With Donald Trump about to be sworn in as US president, markets in Asia are nervous about some of his policies, especially on trade. Investors who are alert to these policies’ likely limitations could find attractive opportunities.
Asia’s equity markets were among the worst hit after Trump’s victory in November. Having risen as much as 15% between January and October, the MSCI Asia ex Japan Index ended the year with a total return of just 5%, as investment flows swung back to the US.
They did so because Trump’s promise to use fiscal measures to stimulate the domestic economy was seen as a positive for US investors, while his plan to take a more protectionist stance on trade was considered a negative for exporting regions such as Asia.
We think the reaction is overdone, particularly with regard to the likely impact on Asia of a US crackdown on trade. Indeed, we see investment opportunities in Asia arising as a direct result of Trump’s policies, not all of which are likely to be totally effective.
ASIAN OUTLOOK REMAINS RESILIENT
Trump’s victory has in fact done little to change the fundamental outlook for Asian equities, in our view. We expect earnings growth—which has outpaced the rest of the world in the last two years—to stay solid. Commodity prices should continue to be relatively stable, and business margins should benefit from slightly higher inflation and a better alignment of supply and demand.

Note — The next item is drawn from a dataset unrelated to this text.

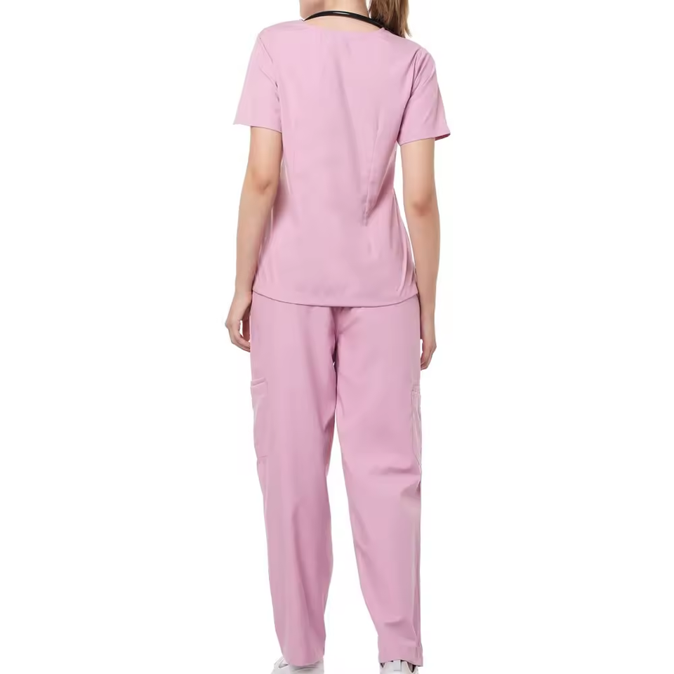 ชุดยูนิฟอร์มพยาบาลสีชมพูอ่อนสำหรับผู้หญิง เนื้อผ้านุ่มคล้ายผ้าฝ้าย เหมาะสำหรับบุคลากรทางทันตกรรมและด้านความงาม

Still, Trump’s presidency will be something of a wild card. There are three different ways in which it could affect the region, in our view. Each has its own time frame—and some surprisingly positive aspects as well.
REGIONAL BANKS TO BENEFIT
The biggest impact in the short term is likely to be through reflation. Markets have quickly adjusted since the US election in anticipation of higher inflation, partly from Trump’s promise of fiscal measures, such as investment in infrastructure, to stimulate the domestic economy.
Markets and monetary authorities usually respond to rising inflation with higher interest rates. Investors are now increasingly expecting more rate hikes by the US Federal Reserve, which in December raised the fed funds rate—the second increase in 10 years.
This, of course, is a positive for banks and other financial institutions, in Asia and elsewhere—and is one area in which active value investors can benefit as a result of Trump’s policies. Our bottom-up research has identified several banks and insurers in Asia which are very attractively priced.